Unsolved The most appropriate way of detecting BOM in a UTF-8/16/32 file/text
-
Hello Qt guys. I stumbled upon a scenario where I wanted to detect whether the UTF-x encoding of a given text has a BOM. As the documentation says QTextStream supports automatic detection of BOM but Strangely its documentation says it detects only UTF-16 and UTF-32 BOMs, where being a multi-byte encoding UTF-8 also has a BOM. Now, about the actual detection of the BOM. This is the only working answer I've found:
QFile file( "..." ); const bool hasByteOrderMark = QTextCodec::codecForUtfText( file.peek(4), Q_NULLPTR ) != Q_NULLPTR;
This seems to me a pretty raw and hardcoded approach since the knowledge about the length of the BOM is explicitly stated as 4. UTF BOM variants ( see here / "Byte order marks by encoding" ) range from 1-5 bytes actually if we take non-standard UTF-7 encoding at hand as well. Thus to make the implementation more elegant and Qt conformant thought that probably it is better to serialize the BOM in all of its forms - UTF-8/16/32 big/little-endian in a string and then see if the start of the text/file at hand matches either of them. Tried serializing the BOM to a string using QTextStream's
bom
global function alone:QString str; QTextStream ts( & str ); ts.setCodec( QTextCodec::codecForName( "UTF-8" ) ); ts << bom; qDebug() << QString( "text with bom alone: text(%1), size(%2)" ) .arg( str ) .arg( str.size() );
The output is an empty string and zero as size. The same goes for the following code as well:
QString str; QTextStream ts( & str ); ts.setCodec( QTextCodec::codecForName( "UTF-8" ) ); ts.setGenerateByteOrderMark( true ); ts << 'a'; qDebug() << QString( "text with bom alone: text(%1), size(%2)" ) .arg( str ) .arg( str.size() );
The result is the text "a" and size of 1.

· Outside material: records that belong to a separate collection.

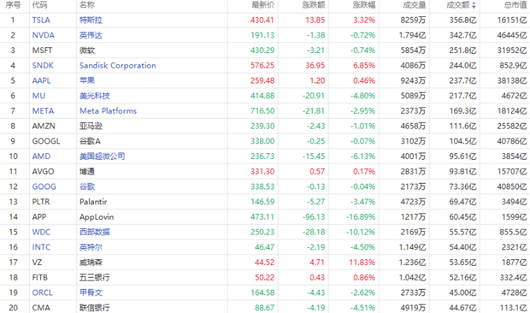 第14名Palantir收跌3.47%,成交68.74億美元。該股本周累計下跌13.6%,在1月份下跌17.5%。日前美股知名科技分析師、韋德布什分析師丹-艾夫斯(Dan Ives)及其團隊最新表示,圍繞格陵蘭島的「紛爭」正導致美國股市疲軟。艾夫斯指出,隨着「避險情緒」衝擊人工智能(AI)概念股,科技股勢必受到衝擊,但他們認為這是一個持有「科技股贏家」的機會。他指出,「如果股市走弱,會買入IVES AI 30指數中的許多股票,包括英偉達、微軟、Palantir、蘋果、谷歌和特斯拉。」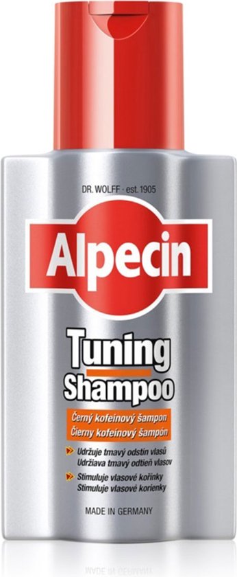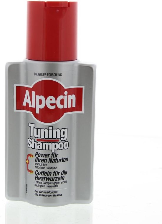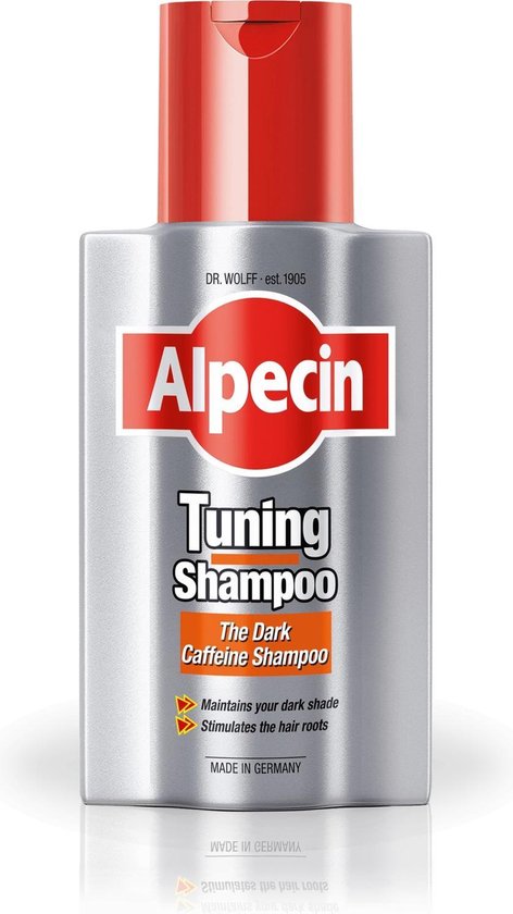 Alpecin Tuning Shampoo 200 ml versterkt jouw natuurlijke donker tot zwarte haarkleur. Door het kleurpigment in de shampoo blijft jouw donkere haarkleur behouden, hierdoor kan je haar er voller uitzien! De eerste grijze haren worden overstemd. Het kleureffect wordt intenser bij regelmatig gebruik en wordt geleidelijk uitgewassen met een andere normale shampoo. Je haarwortels worden gestimuleerd door het cafeïnecomplex, waardoor erfelijke haaruitval wordt voorkomen. Belangrijkste eigenschappen * Geschikt voor donker tot zwart haar. * Voorkomt erfelijke haaruitval. * Het cafeïnecomplex stimuleert de haarwortels. * Je haar ziet er voller en donkerder uit. * Verminder zichtbaarheid van jouw eerste grijze haren. Gebruiksaanwijzing * Laat 2-5 minuten op de hoofdhuid inwerken, van aanbrengen tot spoelen. * Het kleureffect en de opname van cafeïne nemen toe hoelanger je het laat inwerken. Alpecin Tuning Shampoo 200 ml online kopen bij Shop de Alpecin Tuning Shampoo 200 ml online en wij zorgen dat het zo snel mogelijk bij je wordt bezorgd.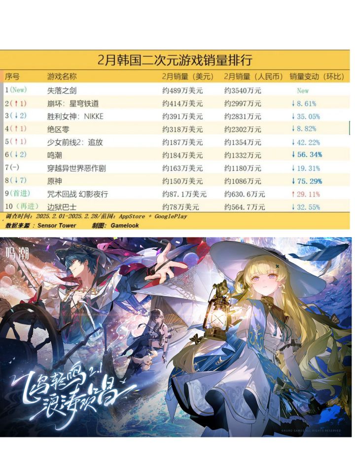 鸣潮2月韩国月活跌落前十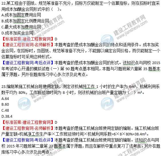 【老師解析】2015年二級建造師施工管理試題及答案(19-24題)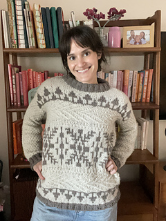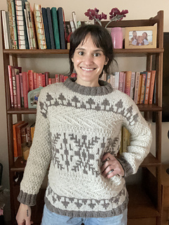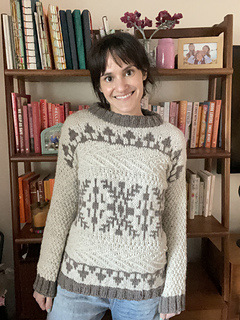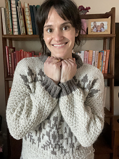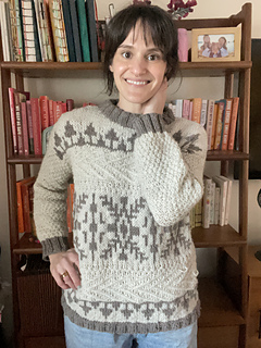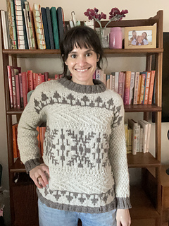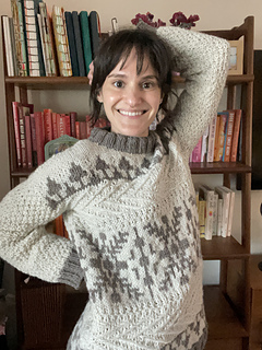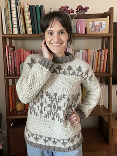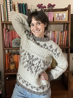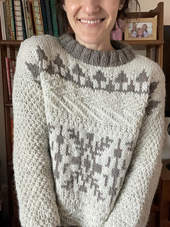 Windshore is a cozy winter sweater perfect for snuggling up in during a snowstorm!The body features a fun mix of texture, colorwork, and wrapped stitches, making for a super fun, engaging knit. Sleeves are worked in textured moss stitch with ribbed cuffs. The drop shoulder and boxy shape make for an easy oversized fit. Knit up in Bare Naked Wools Kent Aran yarn on larger needles, Windshore knits up quick and is just as fun to knit as it is to show off and wear!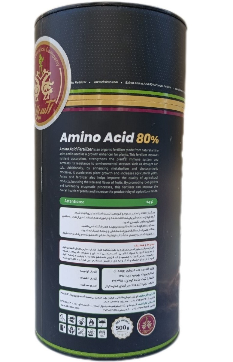 کیفیت بالای مواد اولیه استفاده شده در کود آمینو اسید 80 درصد از دیگر دلایل موفقیت این محصول است. استفاده از ترکیبات طبیعی و اصول علمی روز، آن را به گزینهای مطمئن برای کشاورزان تبدیل کرده است که به دنبال افزایش بهرهوری و حفظ سلامت محیط زیست میباشند.

Is there any more elegant and standard way of detecting the BOM without hardcoded knowledge of its size?
-
Hi,
AFAIK, no there's not.
Did you also saw that post about the same subject ? The technique is slightly different than yours.
I'd also recommend taking a look at the interest mailing list archives. IIRC there was already discussion about the topic there.
-
AFAIK, no there's not.
Ok.
Did you also saw that post about the same subject ? The technique is slightly different than yours.
I have cited exactly this approach in my post above with few just cosmetic modifications I would say. See, the first citation:
This is the only working answer I've found:
I'd also recommend taking a look at the interest mailing list archives. IIRC there was already discussion about the topic there.
Thanks.